How about a Humbolt? I think it might be easier to cut, but does it risk a butt down slide off the spar that could catch me with some laterals?


----------



## Fireaxman (Aug 12, 2006)

DeanBrown3D said:


> So did you end up dangling by the saddle or what? Sounds like quite a scare!


Well, yes, hanging by the saddle. ... but it is a very good saddle, and it had me by both the side D's (lanyard) and the sliding D's (false crotch and DdRT). Safe saw was my biggest worry. Kind of fun actually, nice thrill. But I sure would like to know more about it. Like thrills. Just dont like surprises.


----------



## Treeman67 (Aug 12, 2006)

Fireaxman said:


> Anybody got some good advice on topping leaners?
> 
> Topped a Loblolly at about 70 feet this week. The tree had a "Recurve" in it that put me on the high side of a 10 degree lean when I made the cut. When the top came off the lost weight plus the normal kickback from the top threw me up and out enough to kick my spurs out. I was expecting a ride, but got a little more than I expected.
> 
> I was carefully lanyarded in and also tied in to an adjustable false crotch below the lanyard (Thanks Tom); saw was shut down when the top started over, so no damage done; but its pretty embarassing to be kicked out of the tree like that. Tree was only about 6" diameter where I made the cut, so not enough diameter to bore in and leave a trip on the back side. Front cut was slightly more open than conventional and about a third of the way through.

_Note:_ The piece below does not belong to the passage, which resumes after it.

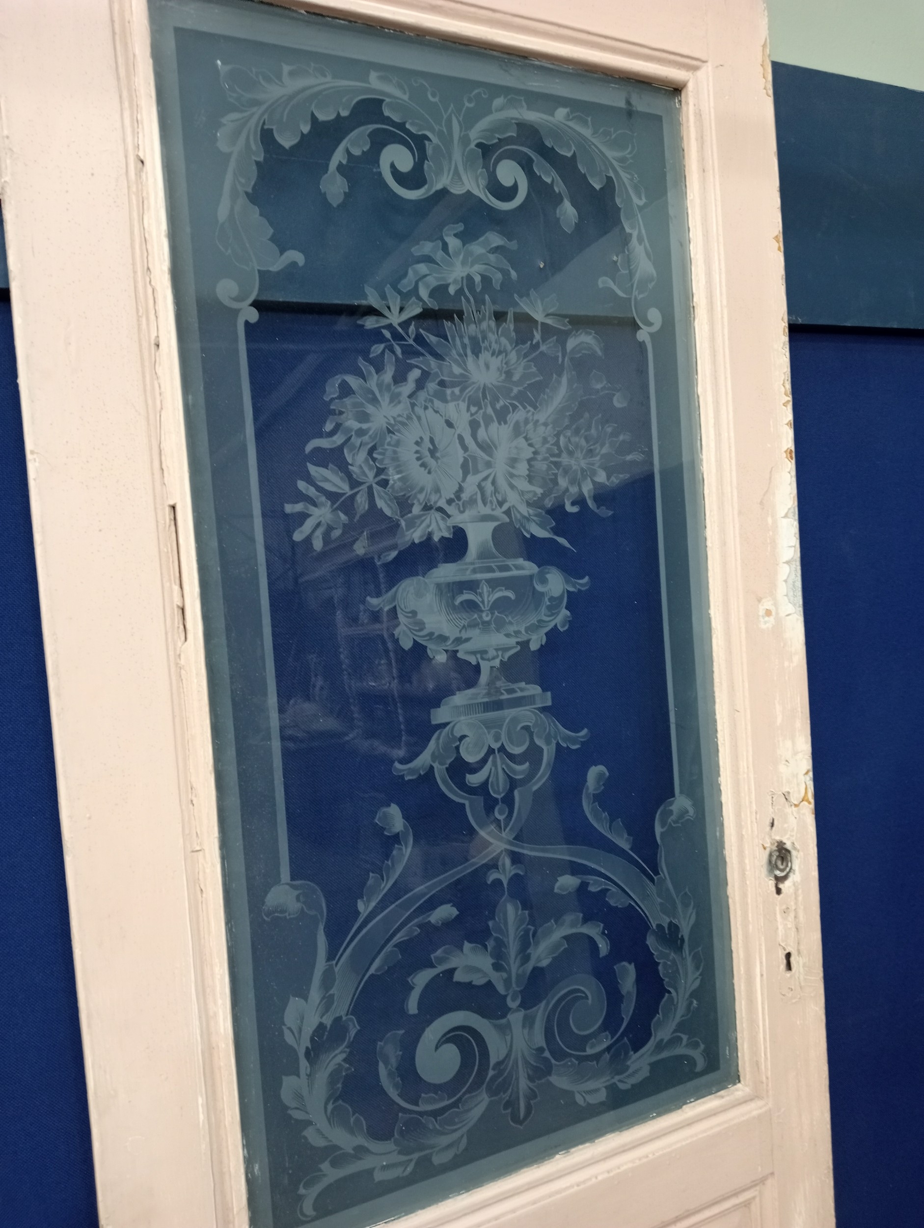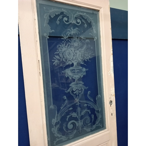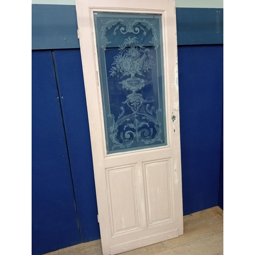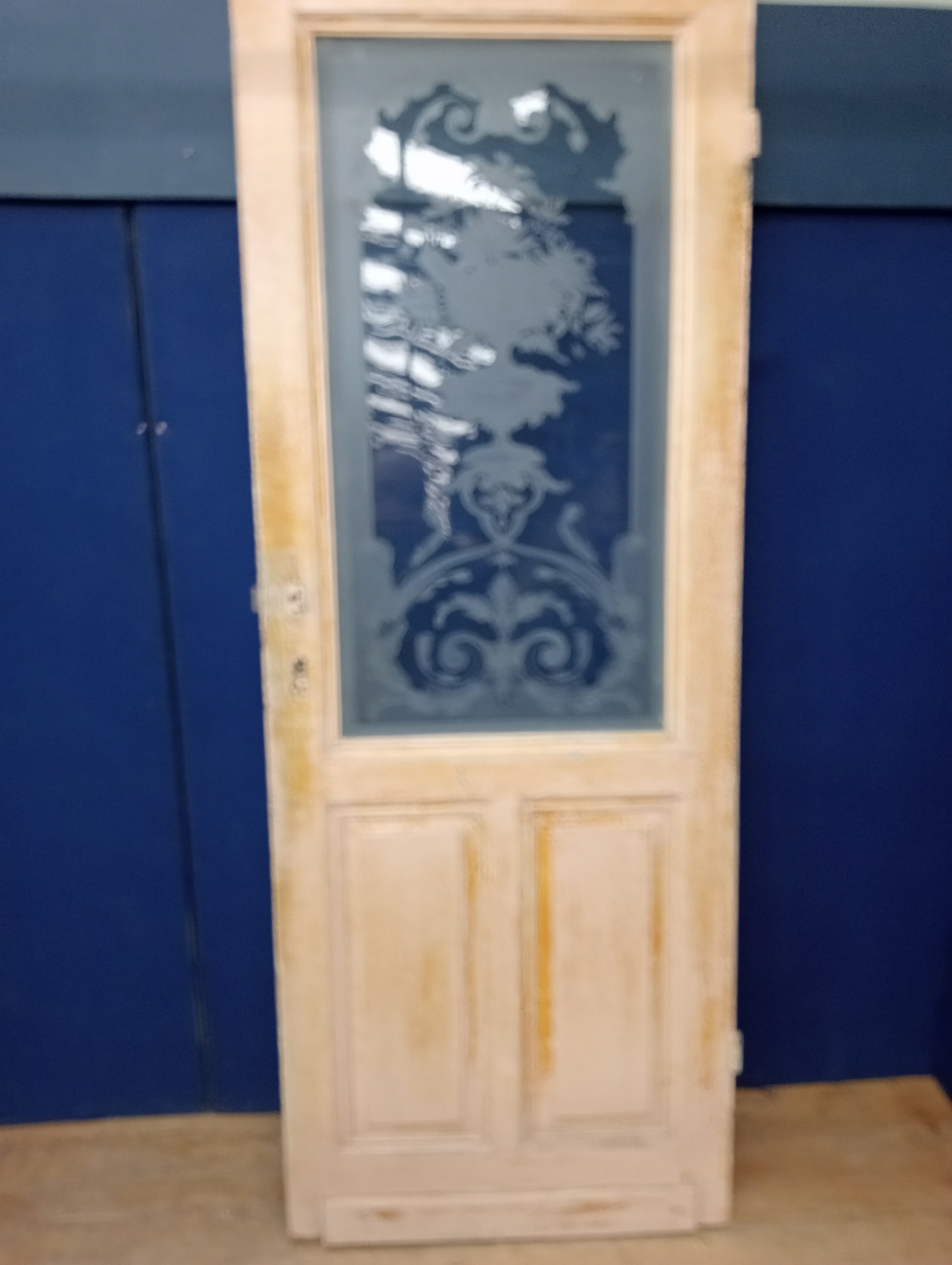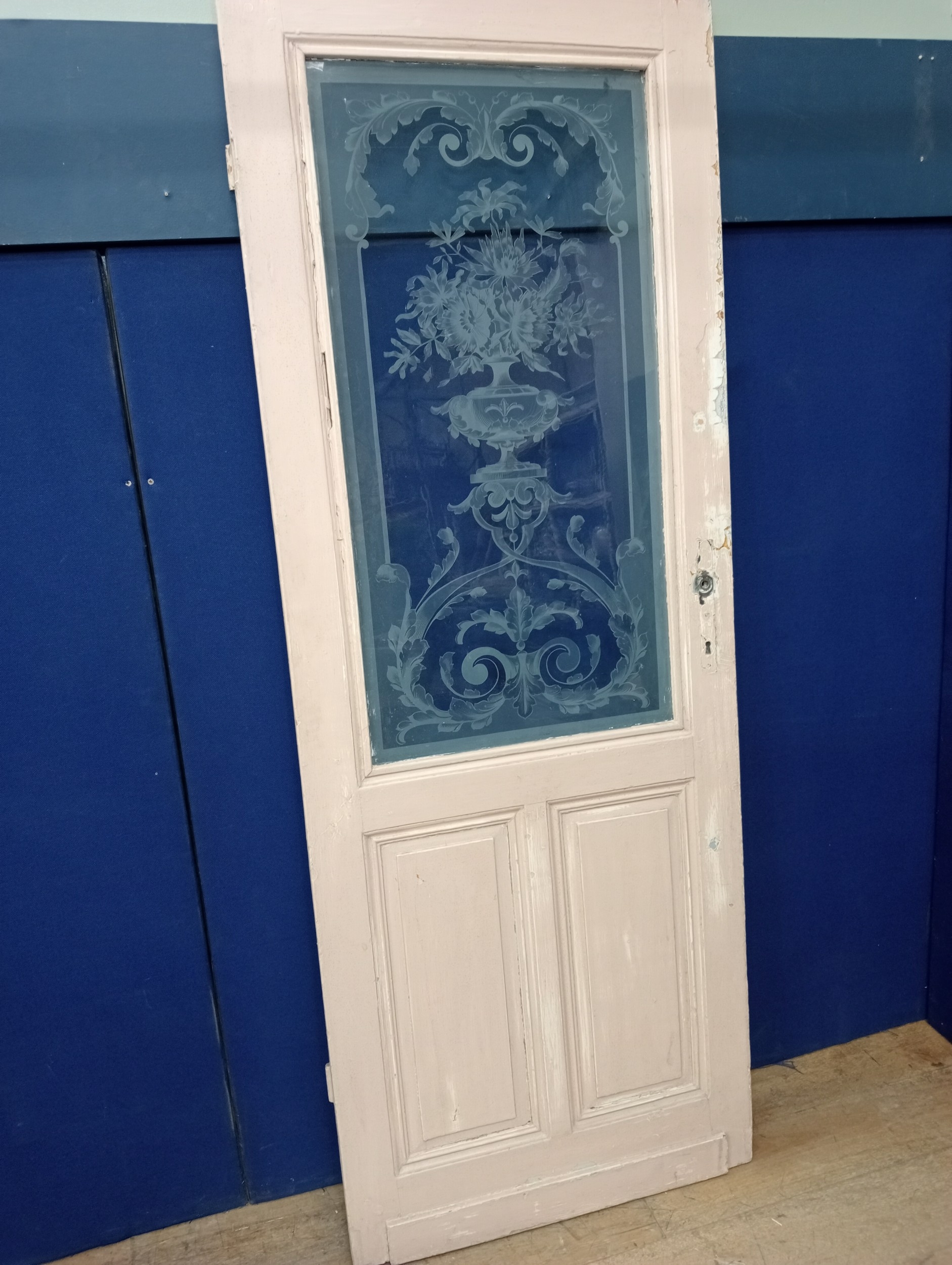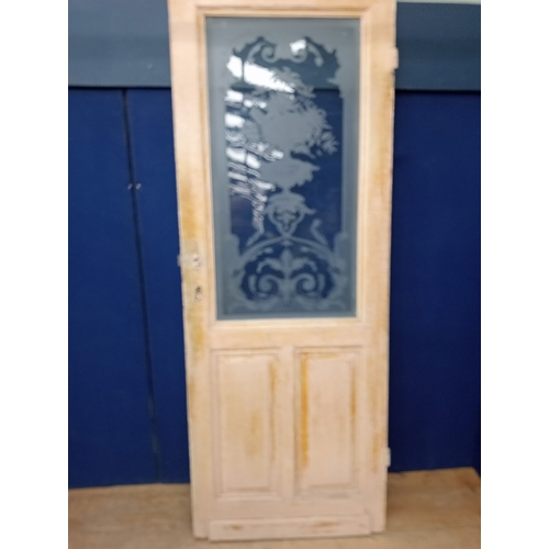 Pine door with inset etched glass panel. (H 217cm x W 80cm )
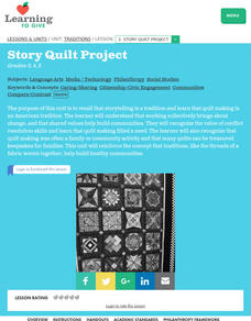Students investigate how quilt making was a family and community activity. They read and discuss books, complete various handouts, and create a paper quilt celebrating philanthropic activities.

 hell ya, you going to have free ride if you topped 70 feet topped,especially if it leaner too.. you needed have boom truck to do the job for you if it accessable. 6" diameter?? that nerves whacking..lol

Treeman67


----------



## Fireaxman (Aug 12, 2006)

Do not have a boom truck. Cannot afford a boom truck. Trying to head off an IPS beetle infestation on 12 acres of loblollies (part of my retirement savings). Next tree in line has a similar lean and two closed pitch tubes visible from the ground (probably Black Turpintine Beetles, IPS usually start at the top. Top looks clean.)

If the advice is "Get used to it"; I'll get used to it. But if you can give me some advice on how to mitigate the problem, please do.


----------



## clearance (Aug 12, 2006)

I top every tree I climb now, have topped and then removed more trees than I can remember, so I feel qualified to talk about this. I have cut off 40' tops from leaners before and the only time I ever went for a ride was then my coworkers yarded on the rope I had in hemlock top like they were pulling a ------ off thier old ladies just for a laugh. I cut leaners tops off just like how I fall leaner trees on the ground. Basically I want to remove as much wood as I can myself, I don't want the tree to break lots of holding wood, that loads it up. I make the undercut depending on how I want the top to land, flat=shallow. I cut sidewood out of the backcut, kind of like making a triangle with the holding wood as the base, if you where looking down on it. After that I cut into the backcut , revving my deadly sharp, full saw up first and not stopping as it moves. Humbolds mean it will not ever come back, sliding off the stump that is. On a tree that small I would wrap my lanyard as well, that really stabilizes you, and of course, stick your spurs in good. Slow is bad, dull saws are bad, empty saws are terrible. If it ever starts to chair, keep cutting, in any case always stand to one side of where it could chair. Hope this helps.


----------



## Ekka (Aug 12, 2006)

Fireaxman

Tis true to what many say, Clearance also noted that fast and up to that hinge. 

Yes angles of notches depending on ht determine how the head lands.

However, remember one absolutely critical fact. when the head is over at 45 degrees to the ground it is exerting MAXIMUM rearward push against the trunk. If this is also the point where the face closes and the hingewood has to break then you have just amplified the ride.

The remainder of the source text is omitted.